Return, exactly as written, the lines of the material from its top through the line with "Vaatame vahelduseks uusima", keeping pictures out.
**** Dataset extract
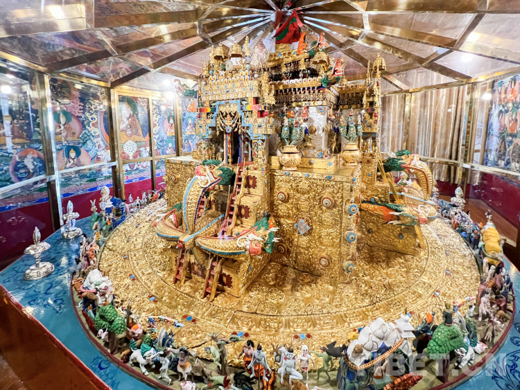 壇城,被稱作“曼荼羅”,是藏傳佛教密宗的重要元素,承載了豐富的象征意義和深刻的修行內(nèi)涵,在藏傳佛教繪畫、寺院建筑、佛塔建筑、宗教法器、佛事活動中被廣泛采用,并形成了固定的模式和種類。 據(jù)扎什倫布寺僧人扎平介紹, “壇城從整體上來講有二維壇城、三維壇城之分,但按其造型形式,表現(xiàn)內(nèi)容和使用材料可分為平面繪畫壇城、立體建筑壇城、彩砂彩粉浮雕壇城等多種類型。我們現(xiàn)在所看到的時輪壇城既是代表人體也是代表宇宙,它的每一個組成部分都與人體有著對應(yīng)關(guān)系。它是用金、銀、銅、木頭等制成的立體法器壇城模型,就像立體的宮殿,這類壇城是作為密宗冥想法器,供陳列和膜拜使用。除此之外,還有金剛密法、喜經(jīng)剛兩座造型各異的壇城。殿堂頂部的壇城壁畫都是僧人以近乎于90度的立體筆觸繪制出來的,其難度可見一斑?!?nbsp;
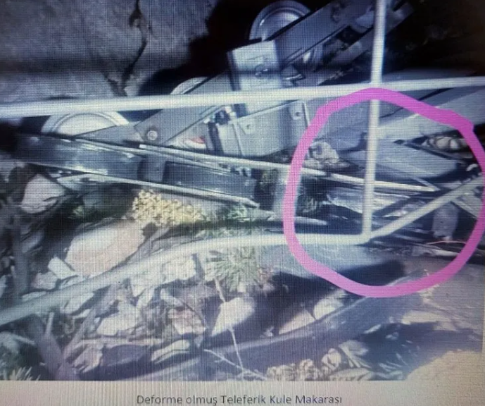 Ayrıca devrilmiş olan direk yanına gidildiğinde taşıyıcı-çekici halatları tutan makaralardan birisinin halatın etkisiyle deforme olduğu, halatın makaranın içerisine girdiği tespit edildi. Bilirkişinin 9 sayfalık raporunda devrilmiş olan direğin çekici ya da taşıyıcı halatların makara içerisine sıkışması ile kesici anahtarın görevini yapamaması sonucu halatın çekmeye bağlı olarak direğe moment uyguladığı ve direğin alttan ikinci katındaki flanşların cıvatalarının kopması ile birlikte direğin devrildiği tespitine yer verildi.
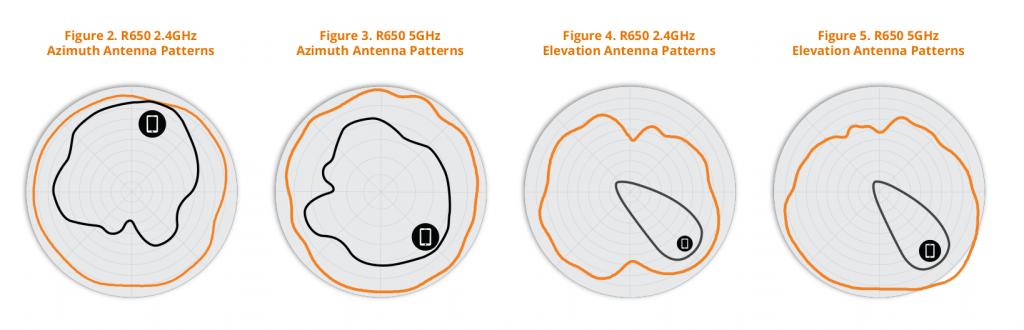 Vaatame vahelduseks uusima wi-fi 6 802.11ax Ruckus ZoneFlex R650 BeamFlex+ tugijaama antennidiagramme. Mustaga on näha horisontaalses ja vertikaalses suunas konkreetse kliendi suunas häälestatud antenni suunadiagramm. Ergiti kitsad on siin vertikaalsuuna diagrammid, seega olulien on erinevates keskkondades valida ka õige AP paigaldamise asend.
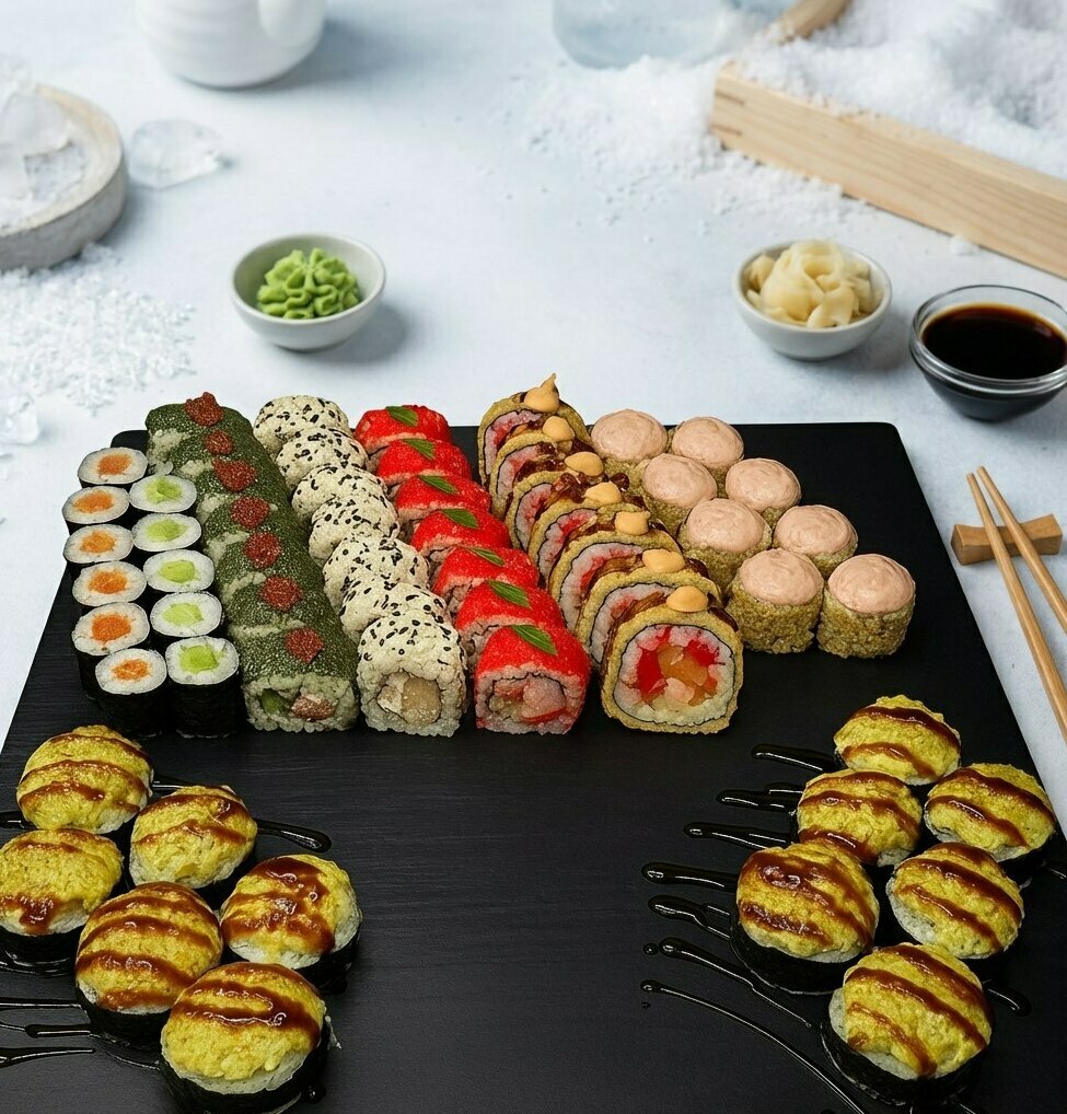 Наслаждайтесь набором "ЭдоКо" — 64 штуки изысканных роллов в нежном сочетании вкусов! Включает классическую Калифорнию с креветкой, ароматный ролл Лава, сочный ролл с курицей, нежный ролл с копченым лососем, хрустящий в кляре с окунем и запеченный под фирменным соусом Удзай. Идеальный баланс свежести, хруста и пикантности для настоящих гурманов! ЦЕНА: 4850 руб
********
• **Exercise answer**
 壇城,被稱作“曼荼羅”,是藏傳佛教密宗的重要元素,承載了豐富的象征意義和深刻的修行內(nèi)涵,在藏傳佛教繪畫、寺院建筑、佛塔建筑、宗教法器、佛事活動中被廣泛采用,并形成了固定的模式和種類。 據(jù)扎什倫布寺僧人扎平介紹, “壇城從整體上來講有二維壇城、三維壇城之分,但按其造型形式,表現(xiàn)內(nèi)容和使用材料可分為平面繪畫壇城、立體建筑壇城、彩砂彩粉浮雕壇城等多種類型。我們現(xiàn)在所看到的時輪壇城既是代表人體也是代表宇宙,它的每一個組成部分都與人體有著對應(yīng)關(guān)系。它是用金、銀、銅、木頭等制成的立體法器壇城模型,就像立體的宮殿,這類壇城是作為密宗冥想法器,供陳列和膜拜使用。除此之外,還有金剛密法、喜經(jīng)剛兩座造型各異的壇城。殿堂頂部的壇城壁畫都是僧人以近乎于90度的立體筆觸繪制出來的,其難度可見一斑?!?nbsp;
 Ayrıca devrilmiş olan direk yanına gidildiğinde taşıyıcı-çekici halatları tutan makaralardan birisinin halatın etkisiyle deforme olduğu, halatın makaranın içerisine girdiği tespit edildi. Bilirkişinin 9 sayfalık raporunda devrilmiş olan direğin çekici ya da taşıyıcı halatların makara içerisine sıkışması ile kesici anahtarın görevini yapamaması sonucu halatın çekmeye bağlı olarak direğe moment uyguladığı ve direğin alttan ikinci katındaki flanşların cıvatalarının kopması ile birlikte direğin devrildiği tespitine yer verildi.
 Vaatame vahelduseks uusima wi-fi 6 802.11ax Ruckus ZoneFlex R650 BeamFlex+ tugijaama antennidiagramme. Mustaga on näha horisontaalses ja vertikaalses suunas konkreetse kliendi suunas häälestatud antenni suunadiagramm. Ergiti kitsad on siin vertikaalsuuna diagrammid, seega olulien on erinevates keskkondades valida ka õige AP paigaldamise asend.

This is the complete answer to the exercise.